If you have an existing Office SharePoint Server 2007 solution, you can mine the IIS log files or look to other Web monitoring tools you have to better understand some of the expected behaviors from the existing solution. Otherwise, see the instructions in the section below for more details. If you're not migrating from an existing solution, you should fill out the table using rough estimates. In later steps, you'll need to validate your assumptions and tune the system.

Analyzing your SharePoint Server 2013 IIS Logs

You'll need to extract data from the ULS and IIS logs to discover key metrics about an existing SharePoint Server 2013 deployment. For example:

  • How many users are active.
  • How heavily they're using the system.
  • What kind of requests are coming in.
  • What kind of clients the requests originate from.

One of the easiest ways to find this data is to use Log Parser, a powerful tool available free for download from Microsoft. Log Parser can read and write to many text and binary formats, including all the IIS formats.

You can download Log Parser 2.2 at


Dataset describes the volume of content stored in the system and how it can be distributed in the data store. The following table provides some key metrics that are helpful in determining your dataset. You can use this table to record these metrics as you collect them.

Object Value
DB size (in GB)
Number of Content DBs
Number of site collections
Number of web apps
Number of sites
Search index size (# of items)
Number of docs
Number of lists
Average size of sites
Largest site size
Number of user profiles
  • Content size - Understanding the size of the content that you expect to store in the SharePoint Server 2013 system is important for planning and architecting the system storage, and also for properly sizing the Search solution that will crawl and index this content. The content size is described in total disk space. If you're migrating content from an existing deployment, you might find it simple to identify the total content size to move. During planning, you should leave room for growth over time based.

  • Total number of documents - Other than the data corpus size, it's important to track the overall number of items. The system reacts differently if 100 GB of data is composed of 50 files of 2 GB each versus 100,000 files of 1 KB each. In large deployments, the less stress there is on a single item, document, or area of documents, the better performance will be. Widely distributed content like multiple smaller files across many sites and site collection is easier to serve than a single large document library with large files.

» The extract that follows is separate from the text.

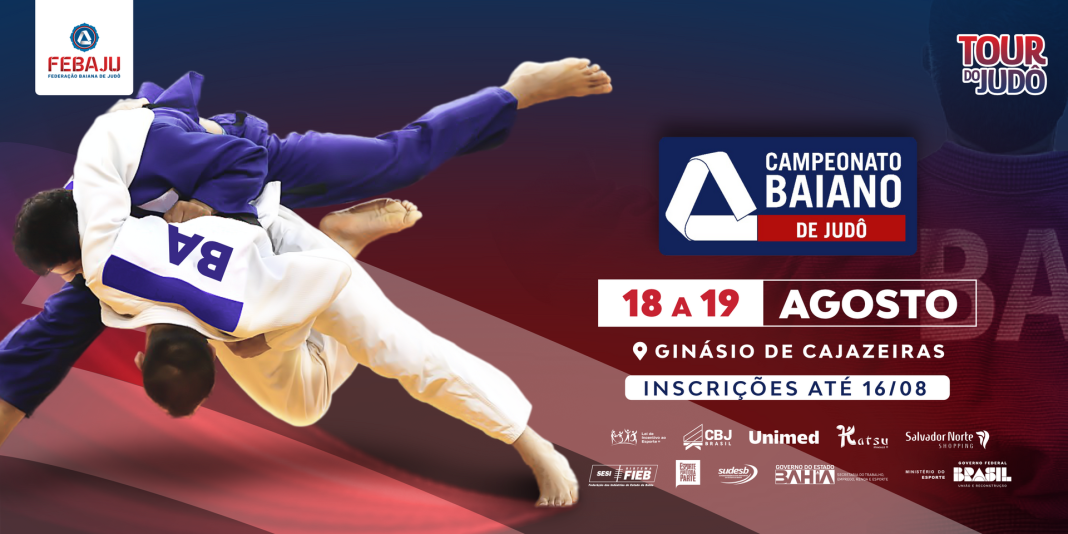 Nos dias 18 e 19 de agosto, a Federação Baiana de Judô (Febaju) promove o Campeonato Baiano de Judô, no Ginásio de Cajazeiras, em Salvador. As inscrições para a competição podem ser feitas até às 23h59 do dia 16 de agosto através da plataforma Zempo (www.zempo.com.br). Os combates da competição acontecerão no dia 19 de agosto (sábado). Nos tatames estarão atletas das classes sub-11, sub-13, sub-15, sub-18, sub-21, sênior, iniciantes e veteranos.

  • Maximum site collection size - It's important to identify what's the biggest unit of content that you'll store in SharePoint Server 2013; usually it's an organizational need that prevents you from splitting that unit of content. Average size of all site collections and the estimated total number of site collections are other indicators that will help you identify your preferred data architecture.

  • Service applications data characteristics - In addition to analyzing the storage needs for the content store, you should analyze and estimate the sizes of other SharePoint Server 2013 stores, including:

  • Total size of the Search index

  • The profile database total size based on the number of users in the profile store

  • The social database total size based on the expected number of tags, colleagues, and activities

  • The metadata store size

  • The size of the usage database

  • The size of the Web Analytics data base

Setting Farm Performance and Reliability Targets

One of the deliverables of Step 1: Model is a good understanding of the performance and reliability targets that best fit the needs of your organization. A properly designed SharePoint Server 2013 solution should be able to achieve "four nines" (99.99%) of uptime with subsecond server responsiveness.

The indicators used to describe the performance and reliability of the farm can include:

  • Server availability: Described by the percent of overall uptime of the system. You should track any unexpected downtime and compare the overall availability to the organizational target you set. The targets are commonly described by a number of nines (that's, 99%, 99.9%, 99.99%)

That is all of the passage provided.